Located here because it was one German mile (7,4 km) from the city gate, it marked the limit of city jurisdiction, as fixed in late-mediaeval times. (The Sloten road was a main route to the city at that time). Those sentenced to exile faced execution, if they crossed this point, back into the city.
continue along the village street, with its two-storey rural houses. At nr 1253, turn right toward the older church, across Dorpsplein, the old village square. A sign explains that it is built on the site of a mediaeval terp - a raised mound.
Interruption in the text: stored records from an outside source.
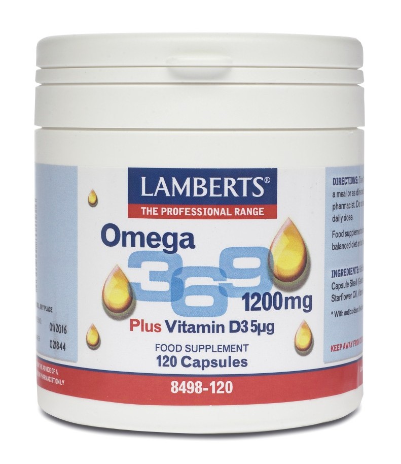 Lamberts Omega 3 6 9 1200mg Plus Vitamin D3 5μg Έλαιο Βοράγου & Ελαιόλαδου 1200mg, 120 κάψουλες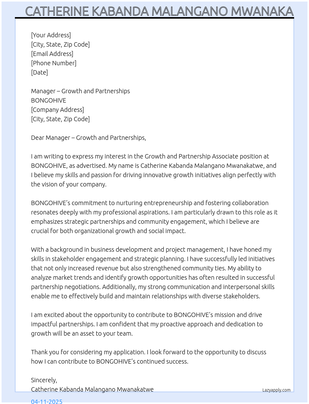 Growth and Partnership Associate Cover Letter At BONGOHIVE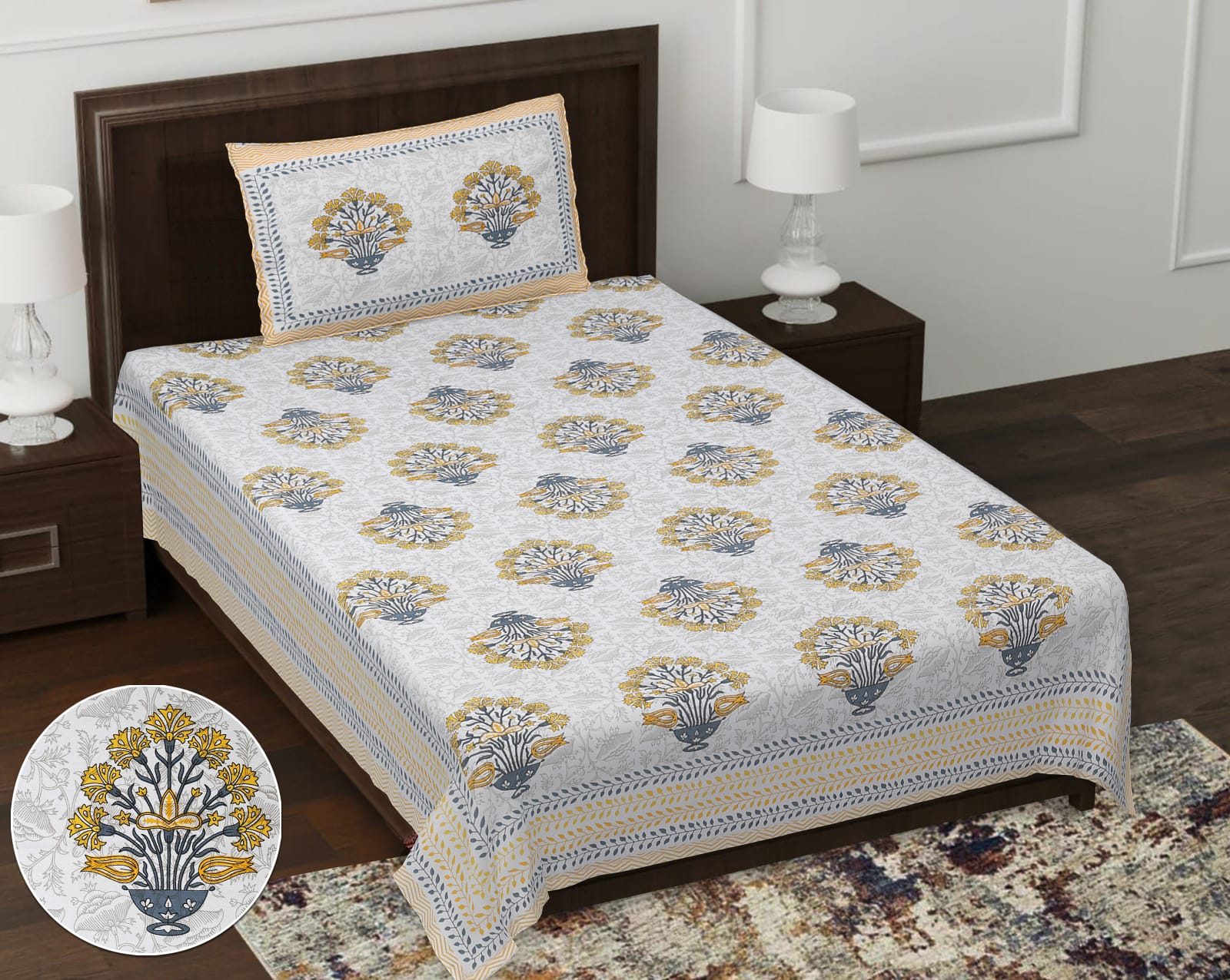 Pure Cotton Digital Print Single Bed Bedsheet With 1 Pillow Cover

A terp (plural terpen) was the only flood defence, before dike construction began around 1200. The circular graveyard around the church is still visibly raised: go around it anti-clockwise, to the right.
when you reach the church door, turn right into the Nieuwe Aker weg, then left into the Akerpolder straat. The first building here still has the sign above the door indicating its original function: Wees- en Armenhuis (Orphanage and Poor-house).
back at the village street, turn right to continue: here too some farm buildings survive. 200 m on, the old settlement ends: pass a car-wash on the right. However, ahead there is still a windmill.
cycle on and cross the main road to the windmill, a water pumping mill from 1847. It is the only one in the region open daily, heavily restored, and it is primarily a tourist attraction. The sign attempts to associate it with Rembrandt. Indeed he was the son of a miller, and he sketched in the area. That does not mean he lived in this windmill, but if you have come all the way from Osaka or Minneapolis, why quibble about details?
this is the end of this urban route. To return, follow the main road here, back toward Centrum. It brings you back to Plesman laan: from there, simply follow tram line 2 all the way back to the centre.